§ **EXERCISE AIM**:
From the data that follows, set down exactly the lines from the one with "26 November 2025" through the one with "Premium quality Glass", counting both. Pictures stay out.

§ **MATERIAL PROVIDED**:
______________________________
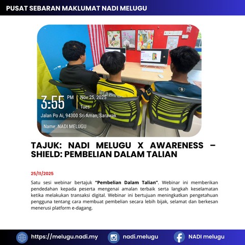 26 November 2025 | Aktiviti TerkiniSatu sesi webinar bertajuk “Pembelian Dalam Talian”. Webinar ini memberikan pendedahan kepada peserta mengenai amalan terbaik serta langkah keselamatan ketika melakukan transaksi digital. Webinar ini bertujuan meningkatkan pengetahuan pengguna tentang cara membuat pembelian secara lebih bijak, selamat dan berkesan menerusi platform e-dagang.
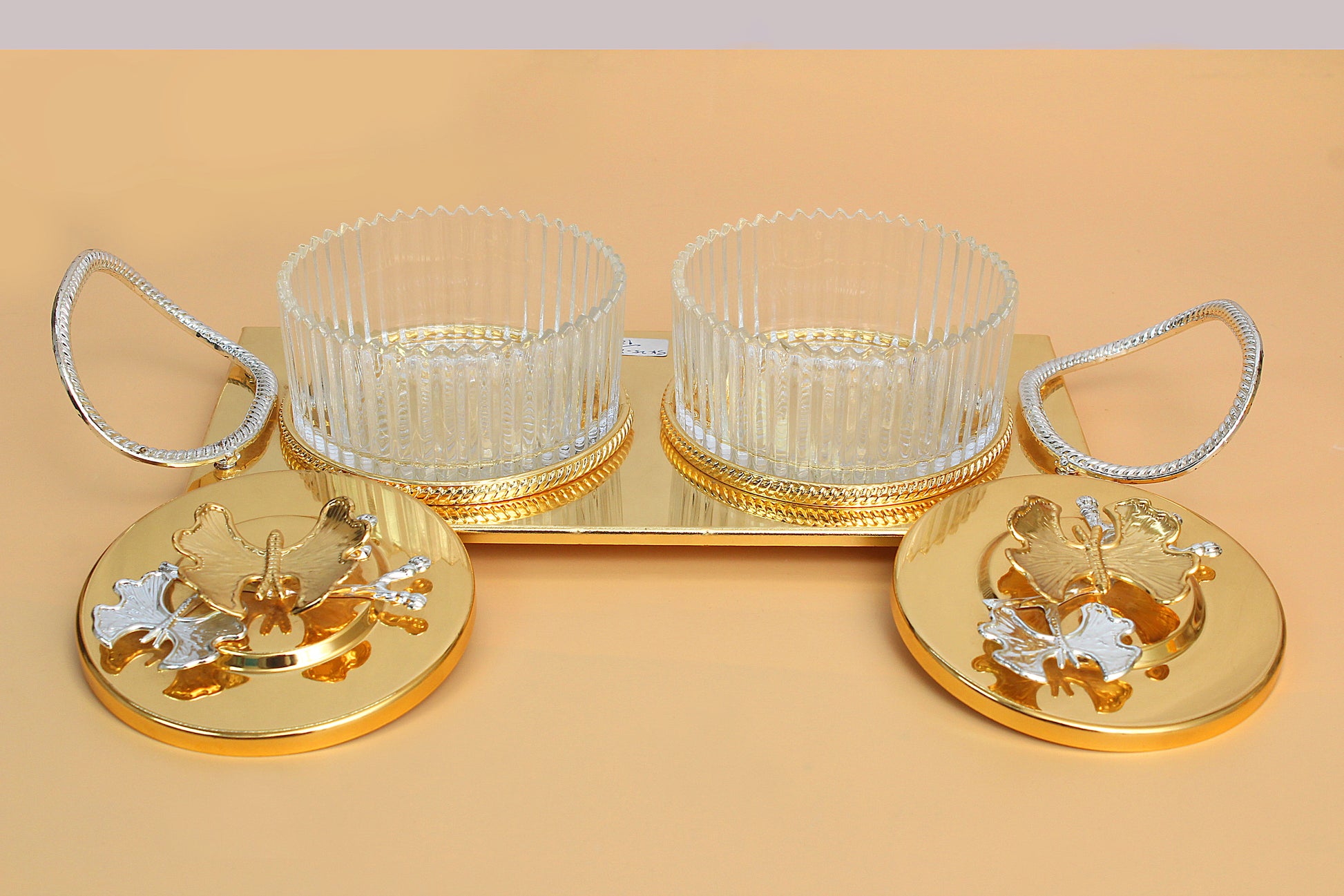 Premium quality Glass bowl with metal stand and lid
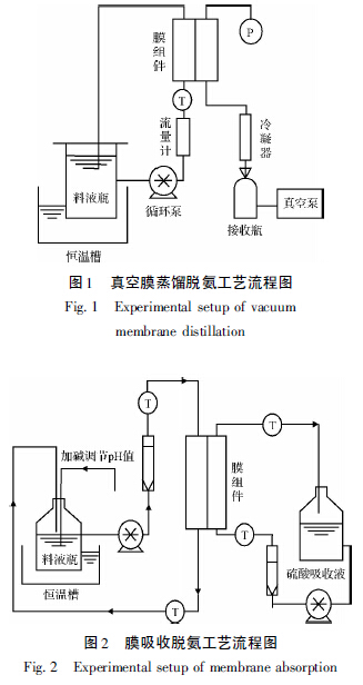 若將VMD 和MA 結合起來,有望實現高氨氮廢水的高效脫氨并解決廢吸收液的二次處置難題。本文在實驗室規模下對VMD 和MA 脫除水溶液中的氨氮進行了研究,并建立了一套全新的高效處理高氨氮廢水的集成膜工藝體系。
______________________________
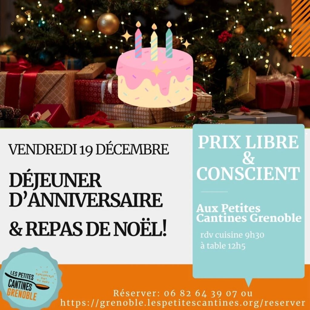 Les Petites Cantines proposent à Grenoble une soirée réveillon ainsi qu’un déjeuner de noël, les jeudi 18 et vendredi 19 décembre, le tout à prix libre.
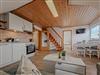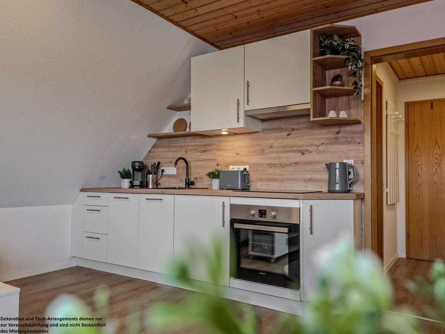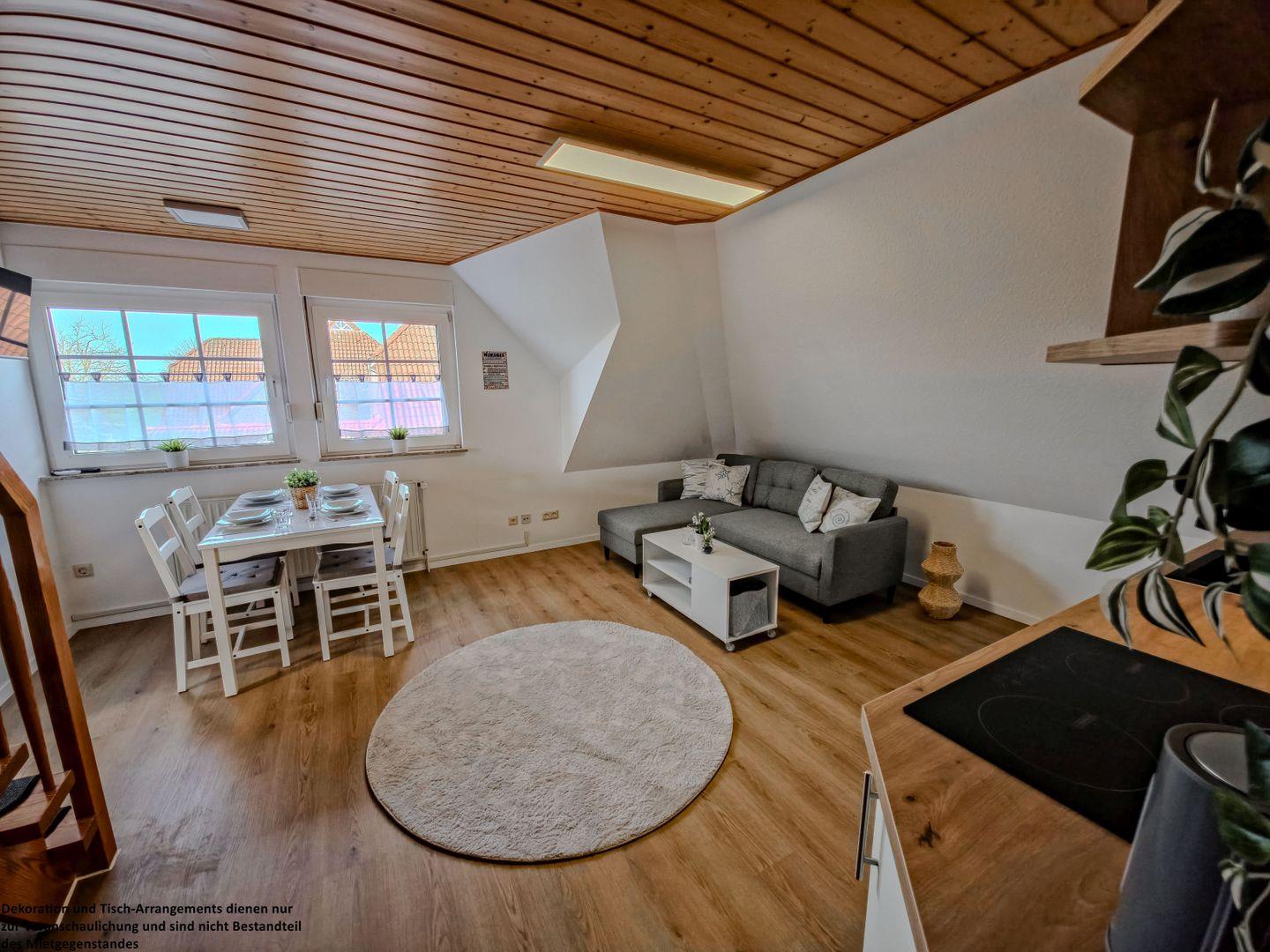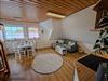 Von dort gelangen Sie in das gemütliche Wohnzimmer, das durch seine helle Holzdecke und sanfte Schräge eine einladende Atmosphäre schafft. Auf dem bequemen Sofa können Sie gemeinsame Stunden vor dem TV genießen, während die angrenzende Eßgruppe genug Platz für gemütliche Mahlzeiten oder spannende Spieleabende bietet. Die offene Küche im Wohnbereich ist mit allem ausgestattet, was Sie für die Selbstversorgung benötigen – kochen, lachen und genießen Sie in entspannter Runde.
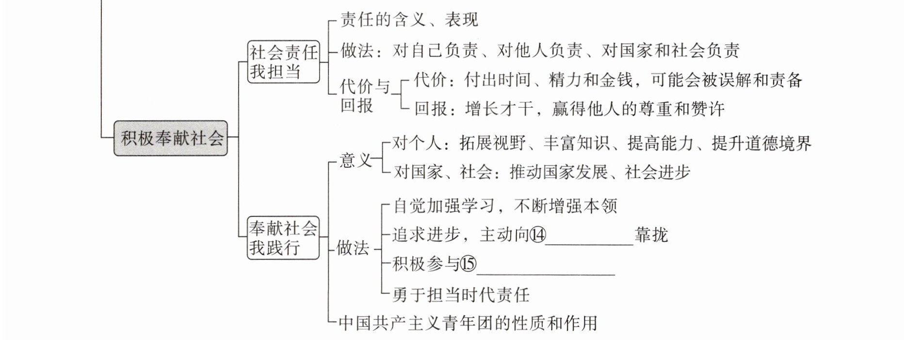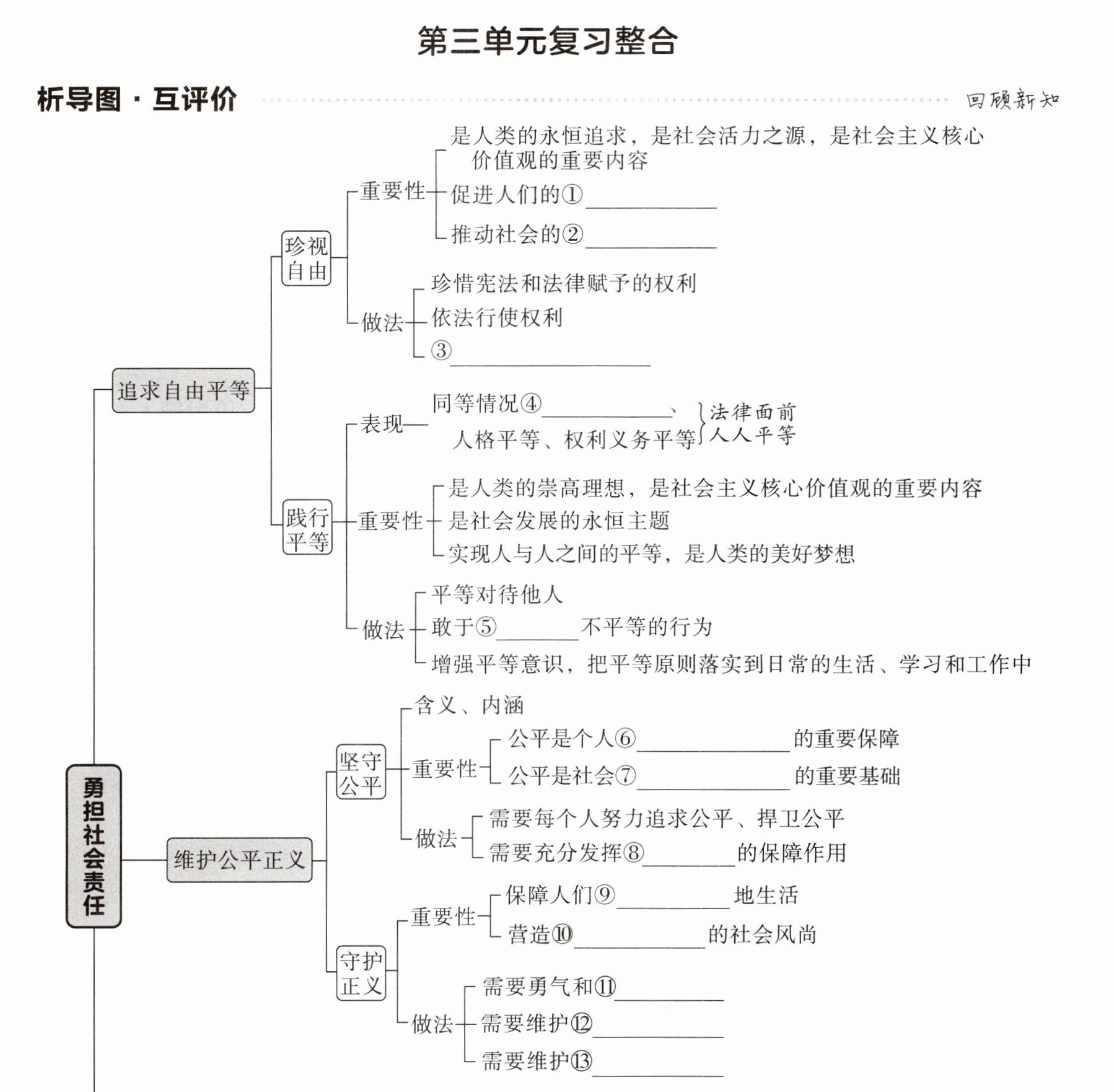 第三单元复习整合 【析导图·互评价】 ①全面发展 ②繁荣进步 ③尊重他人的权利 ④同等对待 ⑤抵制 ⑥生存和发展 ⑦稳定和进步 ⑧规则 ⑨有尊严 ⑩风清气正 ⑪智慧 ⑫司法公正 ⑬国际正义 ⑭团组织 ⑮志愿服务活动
______________________________
§ **YOUR RESPONSE**:
 26 November 2025 | Aktiviti TerkiniSatu sesi webinar bertajuk “Pembelian Dalam Talian”. Webinar ini memberikan pendedahan kepada peserta mengenai amalan terbaik serta langkah keselamatan ketika melakukan transaksi digital. Webinar ini bertujuan meningkatkan pengetahuan pengguna tentang cara membuat pembelian secara lebih bijak, selamat dan berkesan menerusi platform e-dagang.
 Premium quality Glass bowl with metal stand and lid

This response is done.